▶ **Dataset extract**:
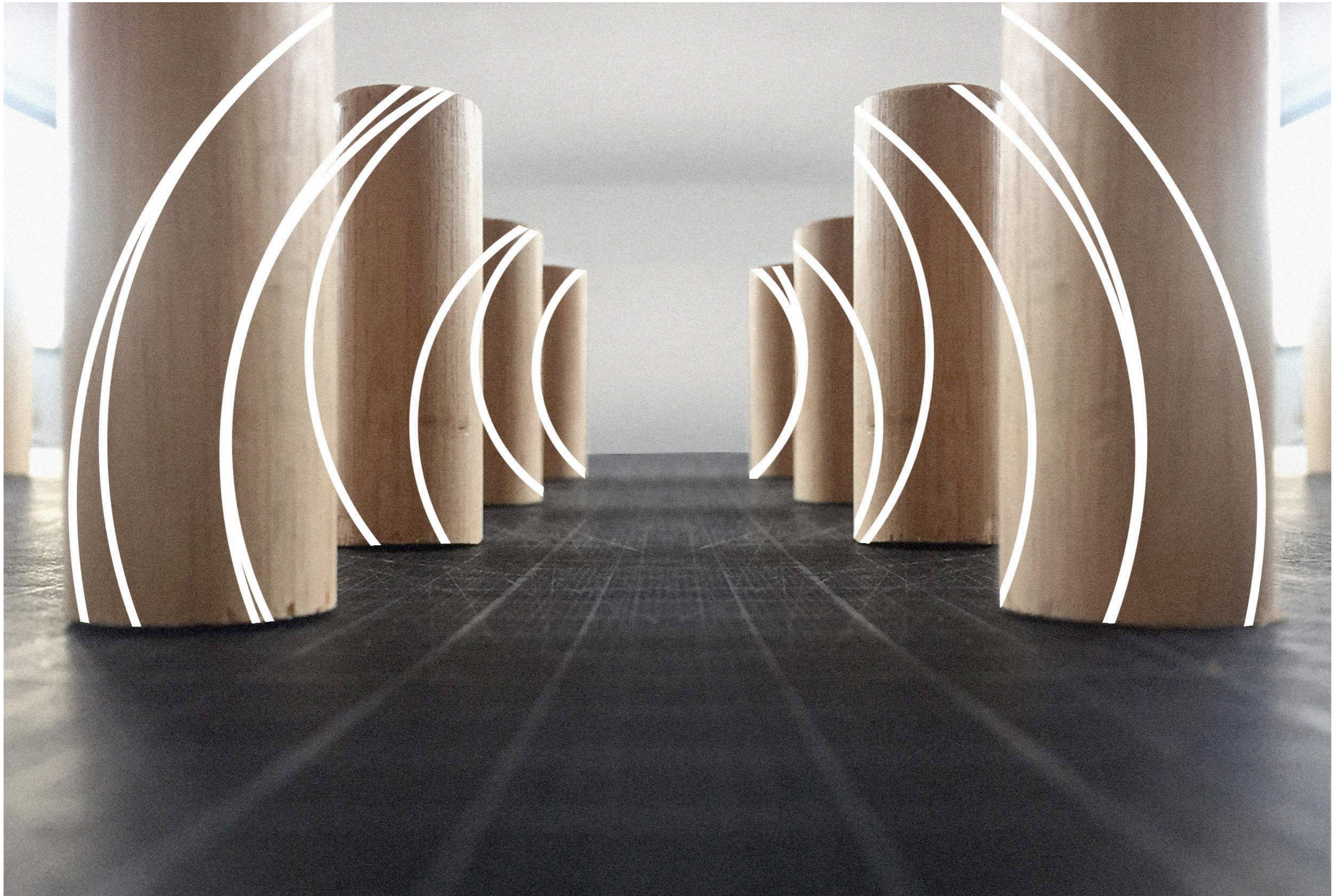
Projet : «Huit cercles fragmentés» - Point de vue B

--

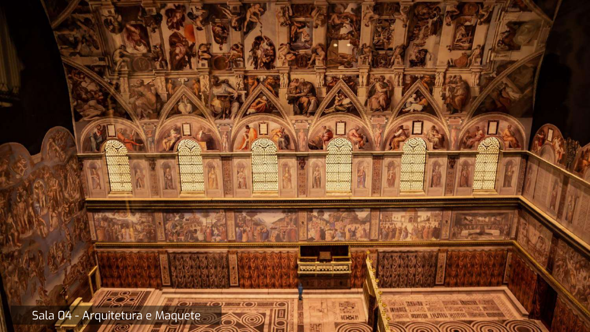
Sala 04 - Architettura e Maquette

---

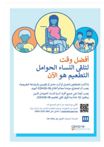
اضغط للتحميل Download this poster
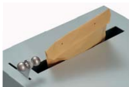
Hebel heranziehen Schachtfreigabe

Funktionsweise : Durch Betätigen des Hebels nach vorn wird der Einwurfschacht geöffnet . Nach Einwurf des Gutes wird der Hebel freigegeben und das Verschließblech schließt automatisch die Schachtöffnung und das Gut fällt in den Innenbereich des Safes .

▶ **Action item**: What you need to produce is an exact copy of the entries above, limited to the lines from the one with "اضغط للتحميل Download this poster" up to and including the one with "Hebel heranziehen Schachtfreigabe", without pictures.

▶ **Task output**:
اضغط للتحميل Download this poster
Hebel heranziehen Schachtfreigabe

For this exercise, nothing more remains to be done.